Posted: May 26, 2005 7:38 PM
  Reply

Dance reflects the individual but also our culture. That is my inherent interest in combining people from different cultures, mixing approaches, attitudes, personal and political histories and culture and coming up with something new. Cross cultural interactions breed fresh ideas that might not otherwise evolve.

Anna Thompson

Posts: 9
From: College of Saint Benedict/Saint John's University
Registered: May 23, 2005
Re: Is Dance an Important Art Form for the 21st Century?
Posted: May 26, 2005 7:38 PM
  Reply

I'm not sure my use of the word "safety net" was taken within the meaning meant- i.e. familiar. Theaters who have an "edifice copmlex" will not attract young audiences (I agree there)-but those that do not- will offer those first experiences that can inspire, attract, new people to dance. I was one such audience member who saw my first company at 28- and could not get enough of it from there on out.

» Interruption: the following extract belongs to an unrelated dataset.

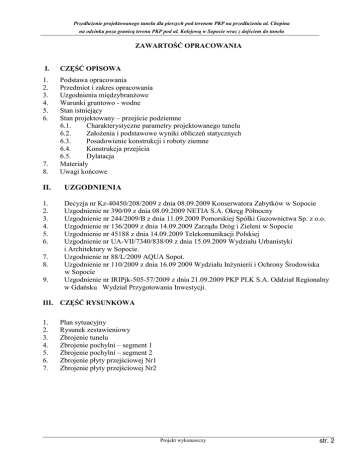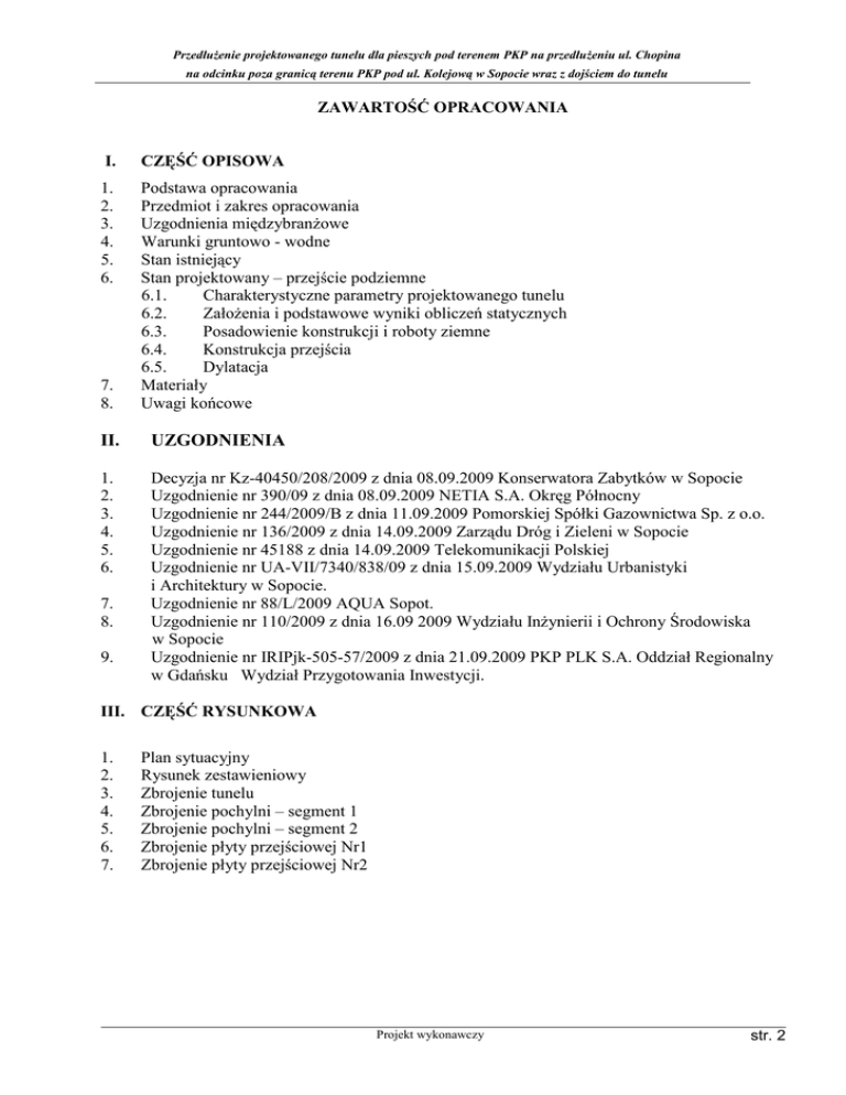 PrzedłuŜenie projektowanego tunelu dla pieszych pod terenem PKP na przedłuŜeniu ul. Chopina na odcinku poza granicą terenu PKP pod ul. Kolejową w Sopocie wraz z dojściem do tunelu ZAWARTOŚĆ OPRACOWANIA I. CZĘŚĆ OPISOWA 1. 2. 3. 4. 5. 6. Podstawa opracowania Przedmiot i zakres opracowania Uzgodnienia międzybranŜowe Warunki gruntowo - wodne Stan istniejący Stan projektowany – przejście podziemne 6.1. Charakterystyczne parametry projektowanego tunelu 6.2. ZałoŜenia i podstawowe wyniki obliczeń statycznych 6.3. Posadowienie konstrukcji i roboty ziemne 6.4. Konstrukcja przejścia 6.5. Dylatacja Materiały Uwagi końcowe 7. 8. II. UZGODNIENIA 1. 2. 3. 4. 5. 6. Decyzja nr Kz-40450/208/2009 z dnia 08.09.2009 Konserwatora Zabytków w Sopocie Uzgodnienie nr 390/09 z dnia 08.09.2009 NETIA S.A. Okręg Północny Uzgodnienie nr 244/2009/B z dnia 11.09.2009 Pomorskiej Spółki Gazownictwa Sp. z o.o. Uzgodnienie nr 136/2009 z dnia 14.09.2009 Zarządu Dróg i Zieleni w Sopocie Uzgodnienie nr 45188 z dnia 14.09.2009 Telekomunikacji Polskiej Uzgodnienie nr UA-VII/7340/838/09 z dnia 15.09.2009 Wydziału Urbanistyki i Architektury w Sopocie. Uzgodnienie nr 88/L/2009 AQUA Sopot. Uzgodnienie nr 110/2009 z dnia 16.09 2009 Wydziału InŜynierii i Ochrony Środowiska w Sopocie Uzgodnienie nr IRIPjk-505-57/2009 z dnia 21.09.2009 PKP PLK S.A. Oddział Regionalny w Gdańsku Wydział Przygotowania Inwestycji. 7. 8. 9. III. CZĘŚĆ RYSUNKOWA 1. 2. 3. 4. 5. 6. 7. Plan sytuacyjny Rysunek zestawieniowy Zbrojenie tunelu Zbrojenie pochylni – segment 1 Zbrojenie pochylni – segment 2 Zbrojenie płyty przejściowej Nr1 Zbrojenie płyty przejściowej Nr2 Projekt wykonawczy str. 2 PrzedłuŜenie projektowanego tunelu dla pieszych pod terenem PKP na przedłuŜeniu ul. Chopina na odcinku poza granicą terenu PKP pod ul. Kolejową w Sopocie wraz z dojściem do tunelu OPIS TECHNICZNY do projektu budowlanego „PrzedłuŜenie tunelu pod torami w km 11,580 na stacji Sopot” 1. PODSTAWA OPRACOWANIA. • Zlecenie Inwestora – Zakład Komunalny w Sopocie Zarząd Dróg i Zieleni. • Wizja lokalna w terenie i pomiary inwentaryzacyjne. • Mapa do celów projektowych. • PN-85/S-10030 Obiekty mostowe. ObciąŜenia. • PN-91/S-10042 Obiekty mostowe. Konstrukcje betonowe, Ŝelbetowe i spręŜone. Projektowanie. • PN-82/S-10052 Obiekty mostowe. Konstrukcje stalowe. Projektowanie. • PN-81/B-03020 Grunty budowlane. Posadowienie bezpośrednie budowli. ObciąŜenia statyczne i projektowanie. • Warunki techniczne, jakim powinny odpowiadać budowle kolejowe i ich usytuowanie. Dz.U. Nr 151/1998 poz. 987. • Warunki techniczne, jakim powinny odpowiadać drogowe obiekty inŜynierskie i ich usytuowanie. Dz.U. Nr 63/2000 poz. 735. • Warunki techniczne, jakim powinny odpowiadać drogi publiczne i ich usytuowanie. Dz.U. Nr 43/1999 poz. 430. • Id-2 (D2) Warunki techniczne dla kolejowych obiektów inŜynieryjnych. • Badania geotechniczne wykonane przez firmę UNIGEO w Gdańsku. 2. PRZEDMIOT I ZAKRES OPRACOWANIA. Przedmiotem opracowania jest przedłuŜenie projektowanego tunelu dla pieszych w km 11,580 pod terenem PKP na przedłuŜeniu ul. Chopina na odcinku poza granicą terenu PKP pod ul. Kolejową w Sopocie wraz z dojściami do tunelu. Roboty towarzyszące ujęto w projektach branŜowych. 3. UZGODNIENIA Uzgodnienia międzybranŜowe na planach sytuacyjnych. 4. WARUNKI GRUNTOWO - WODNE. PodłoŜe gruntowe jest nośne i nadaje się do bezpośredniego posadowienia tunelu. W poziomie posadowienia występują piaski drobne średniozagęszczone. 5. STAN ISTNIEJĄCY. W miejscu projektowanego dojścia do projektowanego na terenie kolejowym zamkniętym przedłuŜenia istniejącego przejścia dla pieszych w km 11,580 w ciągu ul. Chopina znajduje się działka miejska przeznaczona w planie miejscowym na ul. Kolejową dwujezdniową z chodnikami po obu stronach. Istniejące zagospodarowanie terenu – zieleń nie urządzona i kable nn. 6. STAN PROJEKTOWANY – PRZEJŚCIE PODZIEMNE. Zaprojektowano przedłuŜenie tunelu z ciągiem pieszo-rowerowym pod projektowaną ulicą Kolejową w Sopocie z wyjściem poprzez zadaszoną pochylnię i schody pomocnicze począwszy od granicy terenu kolejowego a skończywszy na terenie pomiędzy projektowaną ulicą kolejową a projektowanym parkingiem. Do granicy terenu kolejowego ma być doprowadzony tunel – projektowane na terenie kolejowym przedłuŜenie przejścia podziemnego w ciągu ulicy Chopina. Proponowana trasa tunelu i zadaszonej pochylni omija przeszkodę jaką jest słup wysokiego napięcia. Przyjęto zachowanie odległości 2,6m > 2,5m od osi najbliŜszego fundamentu do projektowanej ścianki szczelnej wciskanej. Włączenie pochylni do projektowanego układu drogowego z ciągiem pieszo-rowerowym i poprzez boczne schody. Parametry pochylni Projekt wykonawczy str. 3 PrzedłuŜenie projektowanego tunelu dla pieszych pod terenem PKP na przedłuŜeniu ul. Chopina na odcinku poza granicą terenu PKP pod ul. Kolejową w Sopocie wraz z dojściem do tunelu umoŜliwiają bezkolizyjne korzystanie z niej przez pieszych i osoby niepełnosprawne. 6.1. Charakterystyczne parametry projektowanego tunelu. • długość części zamkniętej przejścia pod ul. Kolejową (w osi konstrukcji): 15,93m, • długość pochylni (w osi konstrukcji): 30,09m, • światło poziome przejścia (w świetle ścian): 5,0 m, • światło pionowe przejścia (min): 2,40m, • spadki poprzeczne posadzki: dwustronny 1 %. • spadki podłuŜne posadzki: 2 ÷ 9 %. 6.2. ZałoŜenia i podstawowe wyniki obliczeń statycznych. ObciąŜenia uŜytkowe drogowe – klasa A wg PN-85/S-10030. Obliczenia statyczne konstrukcji przejścia przeprowadzono przy wykorzystaniu programu ROBOT i "Rm-win” do analizy statycznej konstrukcji prętowych. Na podstawie obliczeń zaprojektowano wykonanie konstrukcji przejścia z betonu klasy B30, B40 zbrojonego stalą klasy A-III i przyjęto następujące gabaryty przekrojów: grubość pł

My son another at age 8- then he studied for the next 8 years and continues to take master classes and attend performances. Y father (a redneck) his first ballet due to his grandson at age 82- and he was very impressed by those strong male dancers "even ifit was a little sexy". Everyone has a different point of entry.If the art form is to survive in this century it has to be present in more places than just the urban centers and the coasts.

Mary Easter

Posts: 7
Registered: May 23, 2005
Re: Looking for dance in all the wrong places...
Posted: May 26, 2005 7:39 PM
  Reply

I recently introduced a video element into my composition class specifically to present the possibility of "another self" with which a live self could interact.
That ultimately led to experiments in which the camera was turned on the audience looking at itself and seeing also the "dancer" seen now outdoors through a window behind the audience. Hard to picture, I know, but I'm trying to transcribe that experience to get out of the "safety net" notion. I don't feel like the live experience need be in competition with the technological image.